[Source records]
- - - - -
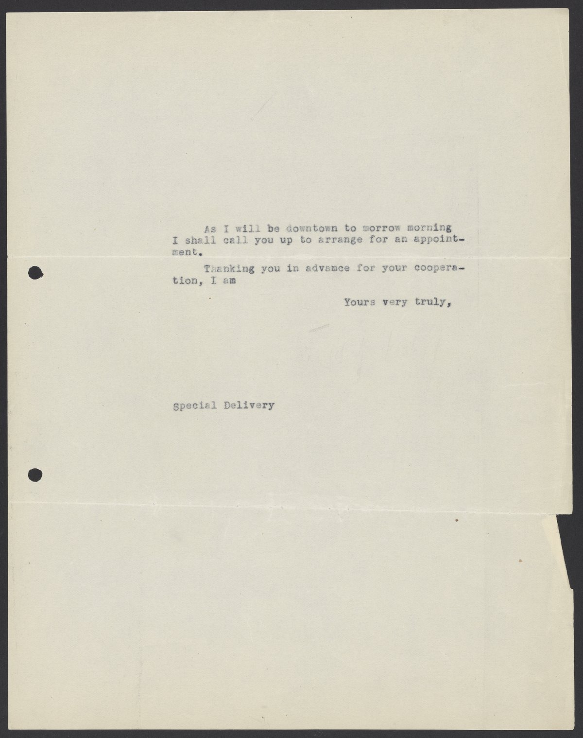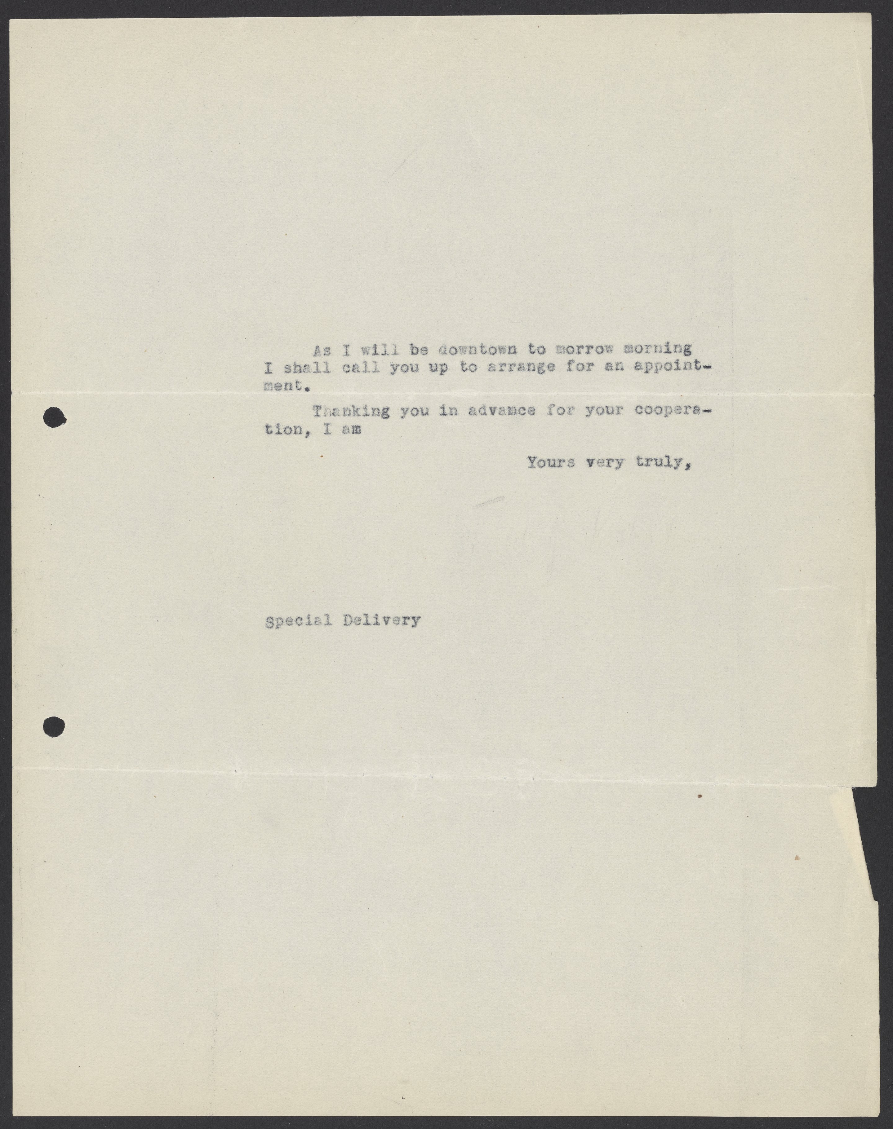 Max Bredig (1902-1977) writes to Karl Boschwitz to tell him he will call him the following day to make an appointment.
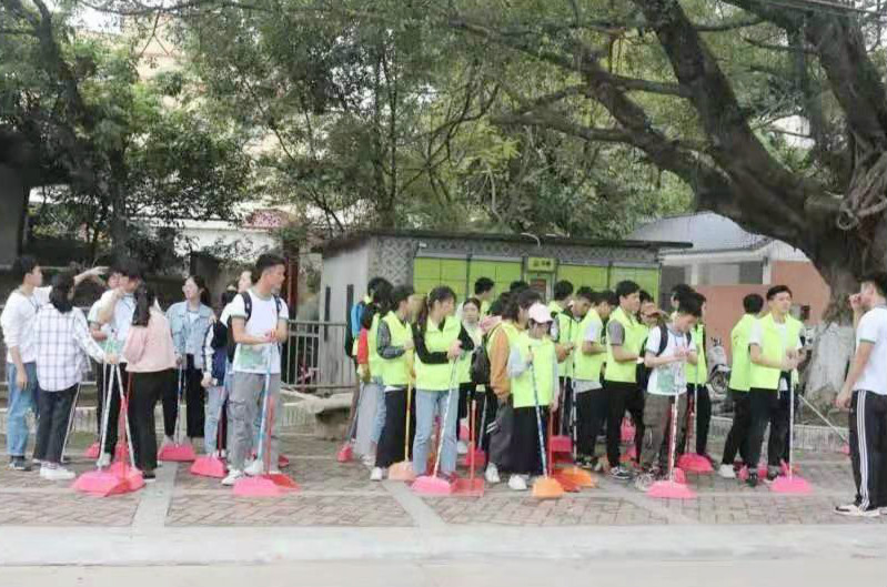图 志愿者们进行集合分组 本次活动在志愿者们有序的分工下拉开了序幕。参与本次打扫活动的志愿者们在负责人的协调下分为了5个不同的任务小组,分别负责社区各个道路垃圾的清理,公园草坪上的落叶以及杂草的清除。志愿者们都以极大的热情投入到本次活动中,利用不同的卫生工具认真的打扫每个区域。
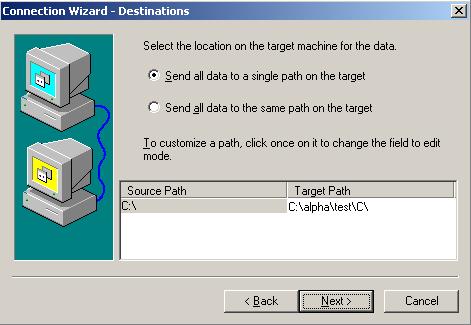 The Connection Wizard guides you through the process of protecting your data. It helps you select a source, identify the data from your source that will be included in the replication set, and select a target.
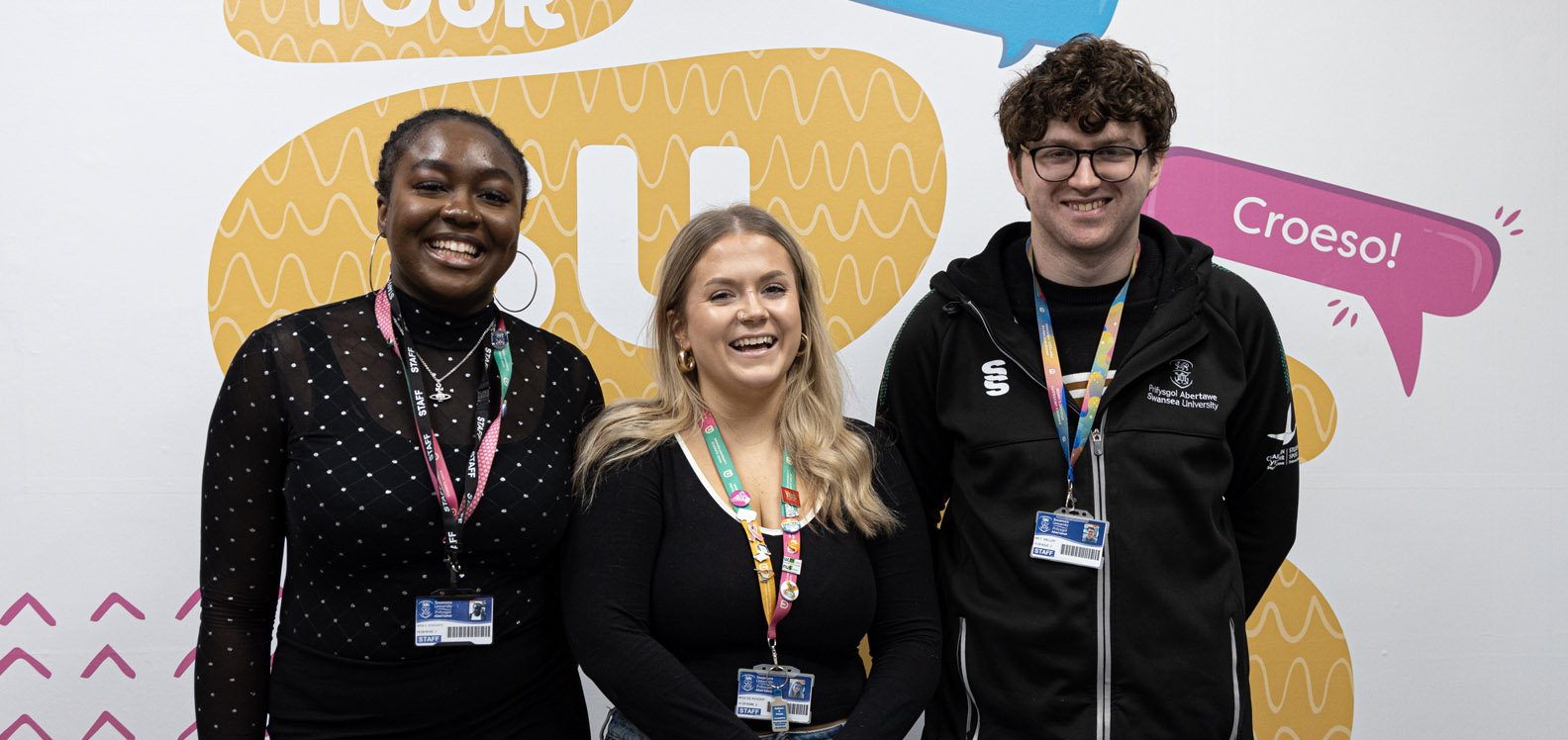 Pictured left to right: Swansea University Student's Union's Welfare Officer Abigail Egwuatu, President Esyllt Rosser, and Student Groups and Engagement Coordinator Tom Weller.
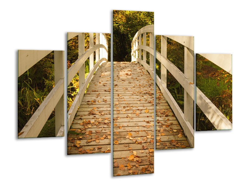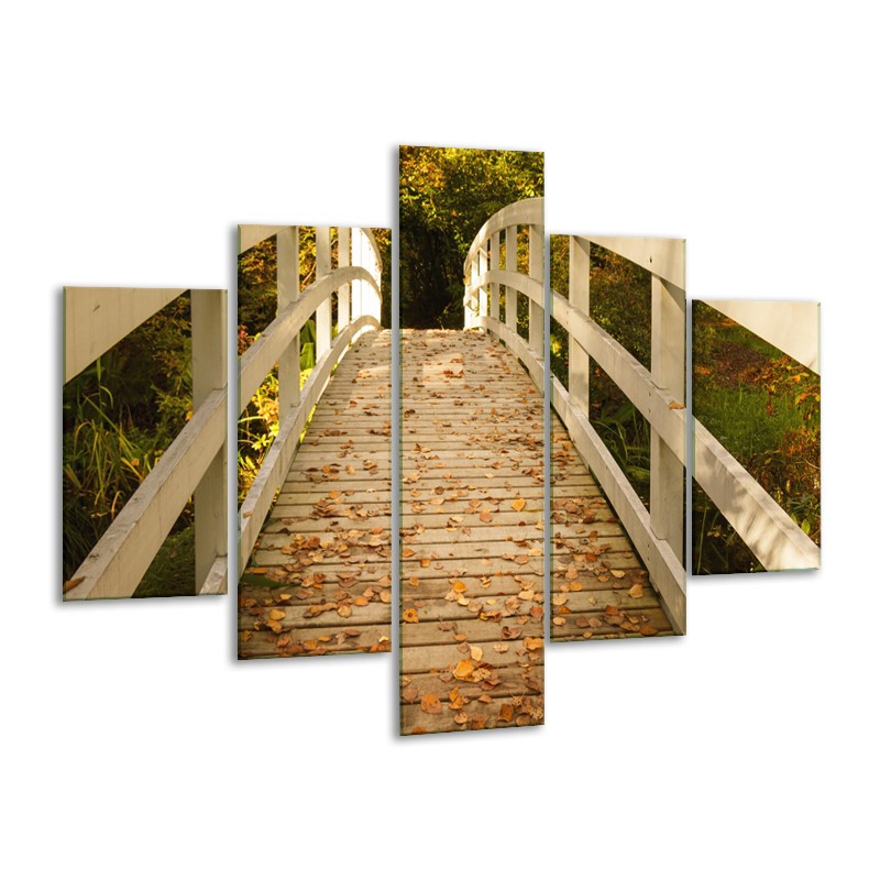 Glasschilderij Brug, Natuur | Bruin, Oranje, Crème | 100x70cm 5Luik
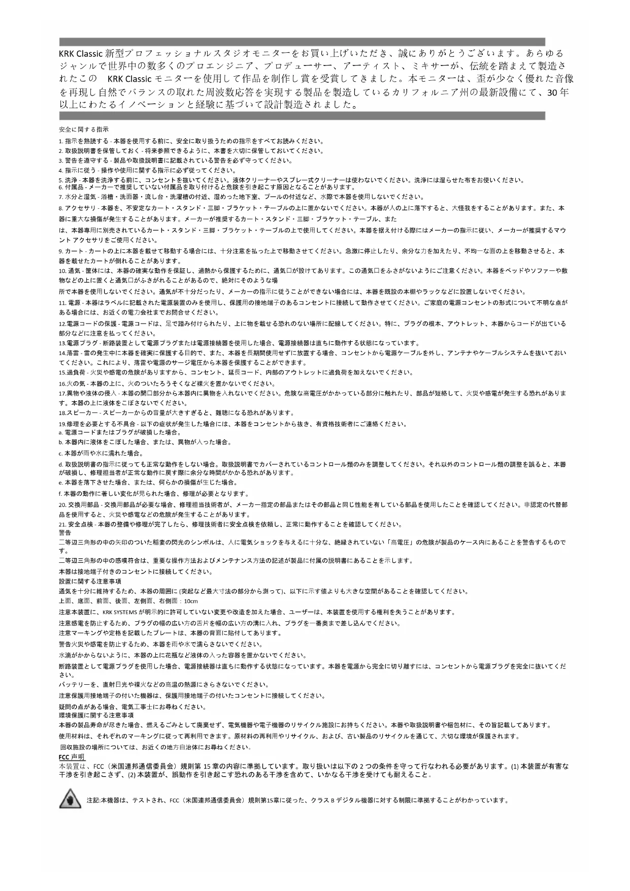 通気を⼗分に維持するため、本器の周囲に (突起など最⼤⼨法の部分から測って)、以下に⽰す値よりも⼤きな空間があることを確認してください。 上⾯、底⾯、前⾯、後⾯、左側⾯、右側⾯:10cm 注意本装置に、KRK SYSTEMS が明⽰的に許可していない変更や改造を加えた場合、ユーザーは、本装置を使⽤する権利を失うことがあります。 注意感電を防⽌するため、プラグの幅の広い⽅の⾆⽚を幅の広い⽅の溝に⼊れ、プラグを⼀番奥まで差し込んでください。 注意マーキングや定格を記載したプレートは、本器の背⾯に貼付してあります。 警告⽕災や感電を防⽌するため、本器を⾬や⽔で濡らさないでください。 ⽔滴がかからないように、本器の上に花瓶など液体の⼊った容器を置かないでください。 断路装置として電源プラグを使⽤した場合、電源接続器は直ちに動作する状態になっています。本器を電源から完全に切り離すには、コンセントから電源プラグを完全に抜いてくだ
- - - - -
Problem to solve
Exact repeat, pictures omitted: give every line from the top of the records down to and including the line with "Glasschilderij Brug, Natuur".

Final answer
 Max Bredig (1902-1977) writes to Karl Boschwitz to tell him he will call him the following day to make an appointment.
图 志愿者们进行集合分组 本次活动在志愿者们有序的分工下拉开了序幕。参与本次打扫活动的志愿者们在负责人的协调下分为了5个不同的任务小组,分别负责社区各个道路垃圾的清理,公园草坪上的落叶以及杂草的清除。志愿者们都以极大的热情投入到本次活动中,利用不同的卫生工具认真的打扫每个区域。
 The Connection Wizard guides you through the process of protecting your data. It helps you select a source, identify the data from your source that will be included in the replication set, and select a target.
 Pictured left to right: Swansea University Student's Union's Welfare Officer Abigail Egwuatu, President Esyllt Rosser, and Student Groups and Engagement Coordinator Tom Weller.
 Glasschilderij Brug, Natuur | Bruin, Oranje, Crème | 100x70cm 5Luik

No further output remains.